# [Task item]
Restate word for word all of the lines below, with each image left out.

━━ Data segment ━━

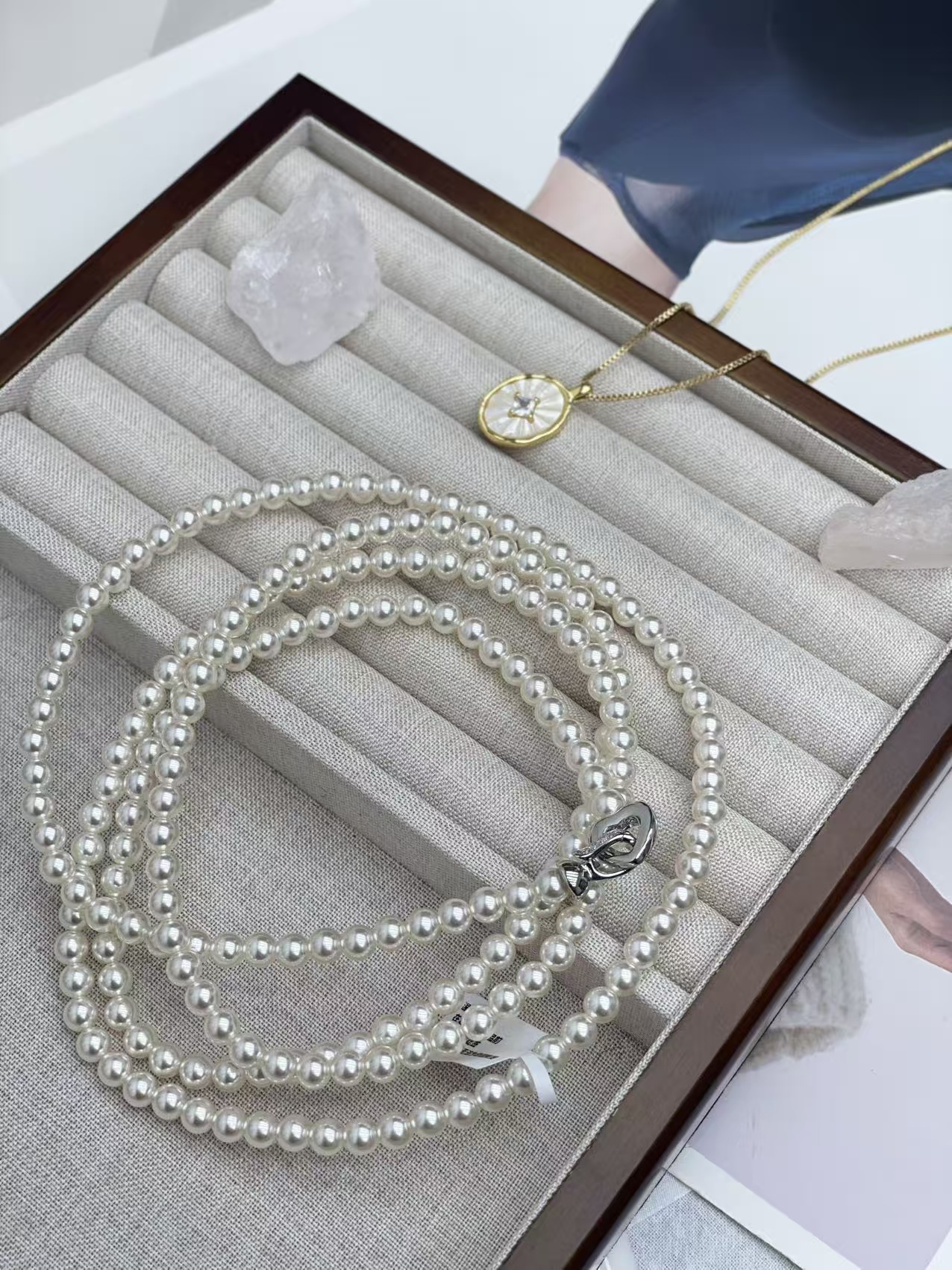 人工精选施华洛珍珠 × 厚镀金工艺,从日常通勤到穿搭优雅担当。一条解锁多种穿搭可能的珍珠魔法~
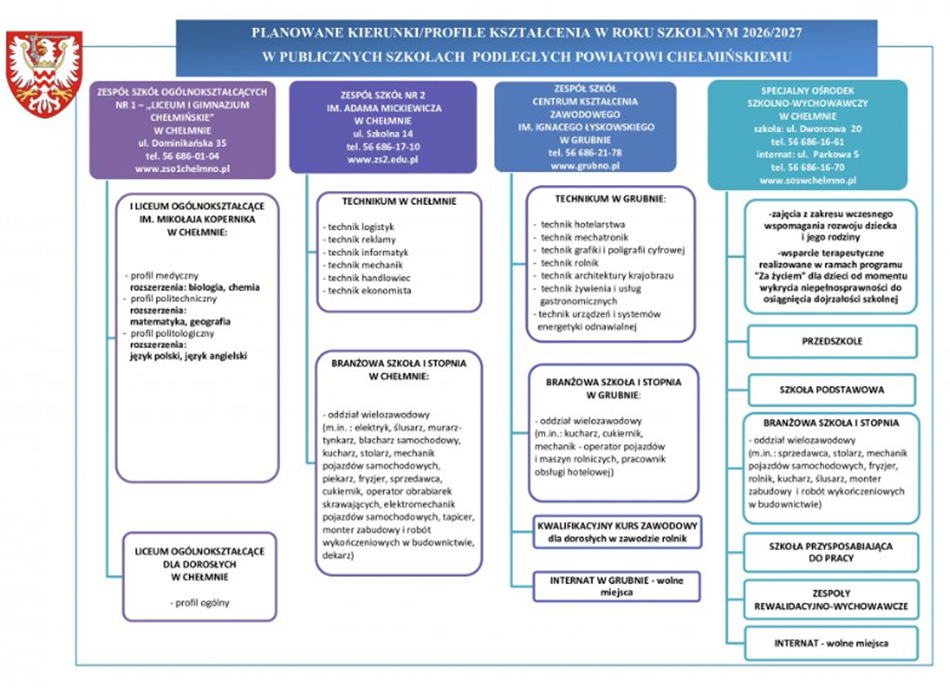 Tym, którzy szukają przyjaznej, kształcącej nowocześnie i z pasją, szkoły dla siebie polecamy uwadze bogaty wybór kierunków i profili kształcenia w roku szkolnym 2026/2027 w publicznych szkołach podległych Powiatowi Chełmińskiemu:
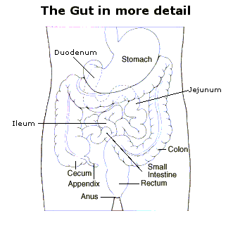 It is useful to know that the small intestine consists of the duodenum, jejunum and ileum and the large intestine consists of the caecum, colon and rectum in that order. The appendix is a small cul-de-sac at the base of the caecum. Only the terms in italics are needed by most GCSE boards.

━━━

# [Result of this exercise]
 人工精选施华洛珍珠 × 厚镀金工艺,从日常通勤到穿搭优雅担当。一条解锁多种穿搭可能的珍珠魔法~
 Tym, którzy szukają przyjaznej, kształcącej nowocześnie i z pasją, szkoły dla siebie polecamy uwadze bogaty wybór kierunków i profili kształcenia w roku szkolnym 2026/2027 w publicznych szkołach podległych Powiatowi Chełmińskiemu:
 It is useful to know that the small intestine consists of the duodenum, jejunum and ileum and the large intestine consists of the caecum, colon and rectum in that order. The appendix is a small cul-de-sac at the base of the caecum. Only the terms in italics are needed by most GCSE boards.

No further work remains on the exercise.